*MATERIAL PROVIDED:*

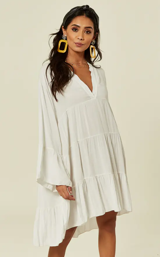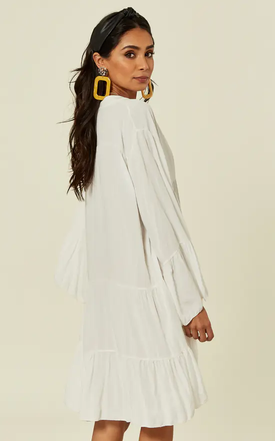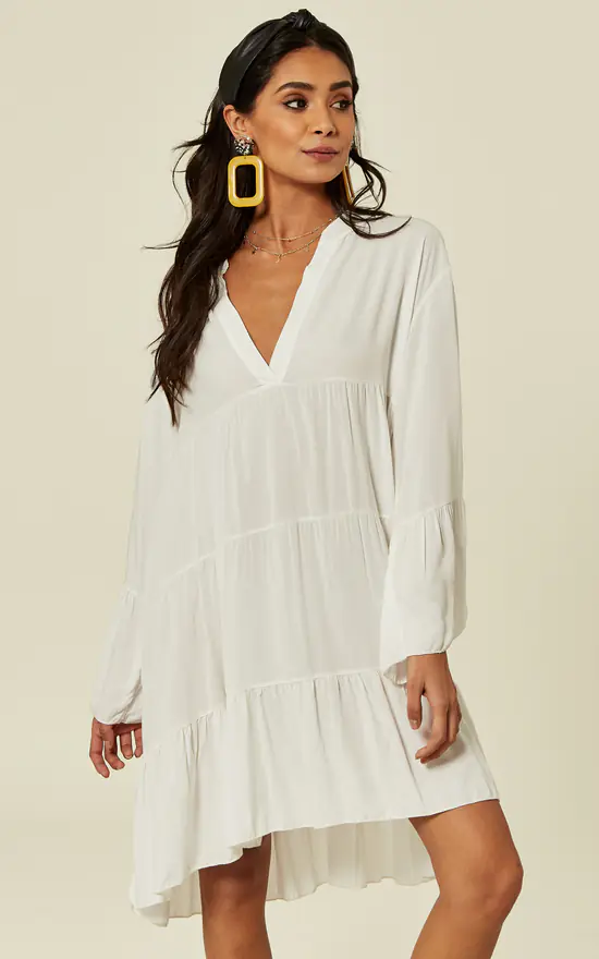 Exclusively by Blue Vanilla. Girl get ready to strut your stuff in this white dress. Every fashionable woman needs to have at least one casual white item in their wardrobe like this ,add some lace up heels and gold hoops for a luxe look.
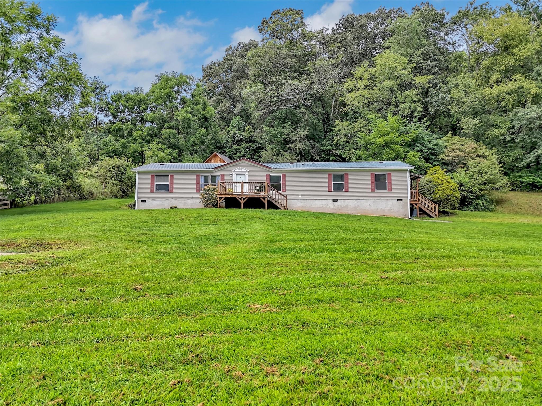 *Priced to Move ~ Motivated Sellers* Looking for a 3-bedroom home in Waynesville with land, mountain views, and bonus space? This updated manufactured home on a permanent foundation offers over 2,000 sqft on 1.4 flat acres, just minutes from town. Welcome to 21 Crooked Trail, a peaceful retreat offering both space and flexibility. Situated on a large, level lot with beautiful mountain views and a small creek, this well-maintained home delivers country charm with modern convenience. The home is on a permanent foundation and has a 3-bedroom septic permit, plus two additional finished rooms perfect for an office, guest space, or hobby area. Inside, the open-concept layout features a spacious main living room, a second den or bonus room, and a large kitchen with adjacent laundry area. Laminate flooring runs throughout the home for easy maintenance. The primary suite includes a walk-in closet, jetted soaking tub, and great natural light. Three additional rooms and two full baths offer comfort and function. Step outside to enjoy the wide, usable yard ideal for gardening, pets, play, or future projects. Two outbuildings provide excellent storage, including a recently added cabin-style shed—perfect for a guest suite, artist studio, or workshop. This move-in ready property is ideal for buyers seeking space to grow, work from home, or enjoy peaceful living with quick access to shopping, dining, and local mountain attractions. Only a short drive to Waynesville, Maggie Valley, and Lake Junaluska. Whether you're starting out or downsizing with room to spare, this home checks all the boxes.
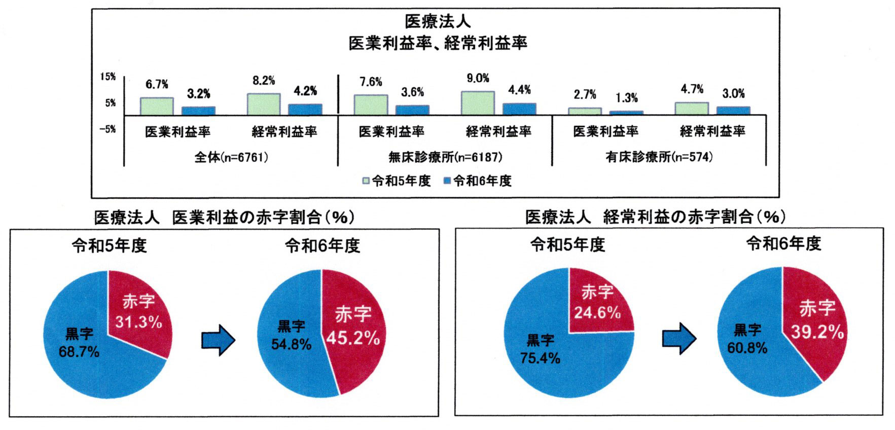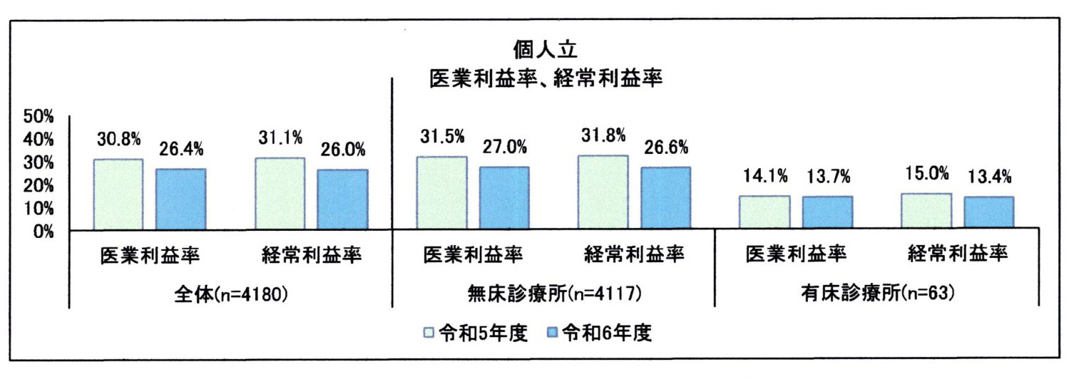 以上のことから、医業収益率および経常利益率において、一般病院は赤字、一般診療所は黒字ということが確認されました。一般診療所の中で圧倒的に数の多い個人の診療所の赤字率が不明であったため、診療所全体の経営状況は不明瞭な結果でした。

*WHAT TO PRODUCE:* Set down the full listing above with its wording unchanged. Leave out its images.

*WRITTEN RESPONSE:*
 Exclusively by Blue Vanilla. Girl get ready to strut your stuff in this white dress. Every fashionable woman needs to have at least one casual white item in their wardrobe like this ,add some lace up heels and gold hoops for a luxe look.
 *Priced to Move ~ Motivated Sellers* Looking for a 3-bedroom home in Waynesville with land, mountain views, and bonus space? This updated manufactured home on a permanent foundation offers over 2,000 sqft on 1.4 flat acres, just minutes from town. Welcome to 21 Crooked Trail, a peaceful retreat offering both space and flexibility. Situated on a large, level lot with beautiful mountain views and a small creek, this well-maintained home delivers country charm with modern convenience. The home is on a permanent foundation and has a 3-bedroom septic permit, plus two additional finished rooms perfect for an office, guest space, or hobby area. Inside, the open-concept layout features a spacious main living room, a second den or bonus room, and a large kitchen with adjacent laundry area. Laminate flooring runs throughout the home for easy maintenance. The primary suite includes a walk-in closet, jetted soaking tub, and great natural light. Three additional rooms and two full baths offer comfort and function. Step outside to enjoy the wide, usable yard ideal for gardening, pets, play, or future projects. Two outbuildings provide excellent storage, including a recently added cabin-style shed—perfect for a guest suite, artist studio, or workshop. This move-in ready property is ideal for buyers seeking space to grow, work from home, or enjoy peaceful living with quick access to shopping, dining, and local mountain attractions. Only a short drive to Waynesville, Maggie Valley, and Lake Junaluska. Whether you're starting out or downsizing with room to spare, this home checks all the boxes.
 以上のことから、医業収益率および経常利益率において、一般病院は赤字、一般診療所は黒字ということが確認されました。一般診療所の中で圧倒的に数の多い個人の診療所の赤字率が不明であったため、診療所全体の経営状況は不明瞭な結果でした。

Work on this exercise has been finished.